Virtual and augmented reality tools are gaining traction in both K-12 and higher-ed institutions
While often eclipsed by artificial intelligence as an emerging technology modernizing education, AR/VR technology will play a key role in the development of interactive virtual environments known as “metaverses,” to enhance student learning. With virtual reality trending, analysts from the market research firm The Business Research Company project the AR/VR ed-tech market will reach $32 billion by 2026, representing an increase of more than $25 billion since 2020.
Over recent months, K-12 schools and higher-ed institutions have adopted AR/VR ed-tech tools for hands-on science courses, activities and skill development, among other growing uses. For example, the University of Michigan joined several other institutions this year in adopting AR/VR tools for technical skill-building courses, while workforce development officials in Arkansas described plans last month to expand the state’s use of VR for career exploration and training for K-12 students.

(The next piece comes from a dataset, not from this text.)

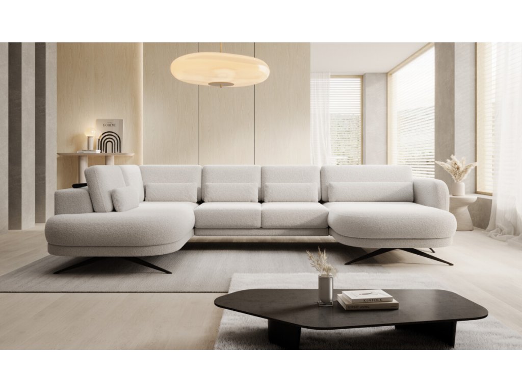 Sedací souprava Ilusio je prostorná a stane se dominantou každého obývacího pokoje. Její hladký povrch bez prošití a zaoblený otoman působí elegantně a originálně. Celkový dojem dotvářejí kovové držáky opěradla a výrazné černé nožky vysoké 17 cm, které dodávají sedačce nadčasový charakter a zároveň umožňují snadný úklid vysavačem pod sedačkou.

According to Johann Wentzel, a Ph.D student at the University of Waterloo in Ontario whose research focuses on augmented and virtual reality, the field has come a long way in less than a decade. He said advancements in AR/VR technology could work together to better enable “a sense of presence, immersion and interactivity” that may characterize the education metaverse in the years ahead.
“AR interfaces and displays could allow aspects of the real world to be better explained, more easily highlighted, or even more deeply interactable than traditional teaching tools could allow. It specifically could allow teachers to not only explain something at the front of the room but bring the content straight to the student’s desk and make it interactive,” he said. “AR and VR are really coming into their own. From a technological standpoint, VR has improved by leaps and bounds since the first Oculus Rift in 2015 … Improved room tracking, wireless, increased field of view, better controllers, all of these have really deepened the level of interaction that AR and VR can accommodate.”
According to a recent Brookings Institution report, the AR/VR-driven metaverse could be “as omnipresent as TikTok, Instagram and Facebook [now Meta]” as the tech field progresses, and as educators embrace gamification in K-12 learning.
Kathy Hirsh-Pasek, a psychology professor at Temple University and senior fellow at Brookings, said she envisions the technology will be used to create realistic and immersive learning experiences similar to the children’s TV series “The Magic School Bus,” in which the show’s students take field trips into the human body or far away in outer space.